This application claims priority to U.S. provisional application No. 62/433,869 filed on Dec. 14, 2016 incorporated herein by reference in its entirety.
BACKGROUND OF THE INVENTIONThe present invention relates to medical devices and methods, particularly those that relate to the treatment of valve insufficiency, also referred to as valve regurgitation. The use of prosthetic valves delivered by traditional surgical implantation methods, or by less invasive percutaneous catheter or minimally invasive transapical methods are one possible treatment for valvar insufficiency.
The heart of vertebrate animals is divided into four chambers, and is equipped with four valves (the mitral, aortic, pulmonary and tricuspid valves) that ensure that blood pumped by the heart flows in a forward direction through the cardiovascular system. The mitral valve of a healthy heart prevents the backflow of blood from the left ventricle into the left atrium of the heart, and has two flexible leaflets (anterior and posterior cusps) that close when the left ventricle contracts. The aortic valve prevents the backflow of blood from the aorta into the left ventricle of the heart, and comprises three flexible leaflets (left, right and posterior cusps) that close after the left ventricle contracts.

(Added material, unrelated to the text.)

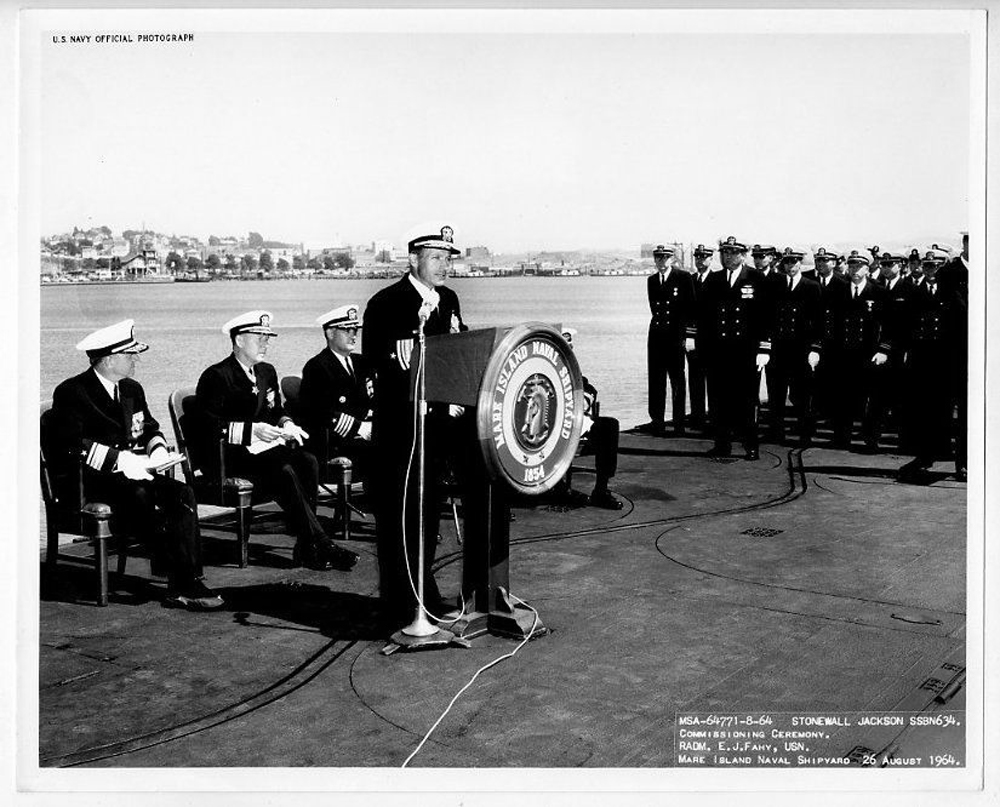 ![]() | 425k | RADM Fahy speaks at the commissioning of the Stonewall Jackson (SSBN-634) at Mare Island on 26 August 1964. | USN photo courtesy of Ron Reeves (of blessed memory). | |
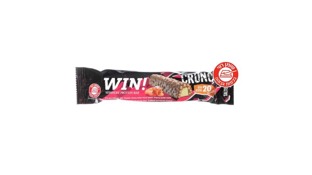WIN חטיף חלבון קראנצ׳ בטעם קרמל מלוח בציפוי שוקולד חלב מעולה 64 גרם

The pulmonary valve prevents the backflow of blood from the pulmonary artery into the right ventricle of the heart, and comprises three flexible leaflets (right, left and posterior cusps) that close after the right ventricle contracts, or after ventricular systole. The tricuspid valve prevents the backflow of blood from the right ventricle into the right atrium of the heart, and comprises two flexible leaflets (anterior and posterior cusps) that close when the right ventricle contracts. The Mitrial Valve leaflets are attached to a fibrous annulus, and their free edges are tethered by subvalvular chordae tendineae to papillary muscles in the left ventricle to prevent them from prolapsing into the left atrium during the contraction of the left ventricle.
Various cardiac diseases or degenerative changes may cause dysfunction in any of these portions of the mitral valve apparatus, causing the mitral valve to become abnormally narrowed or dilated, or to allow blood to leak (i.e. regurgitate) from the left ventricle back into the left atrium. Any such impairments compromise cardiac sufficiency, and can be debilitating or life threatening.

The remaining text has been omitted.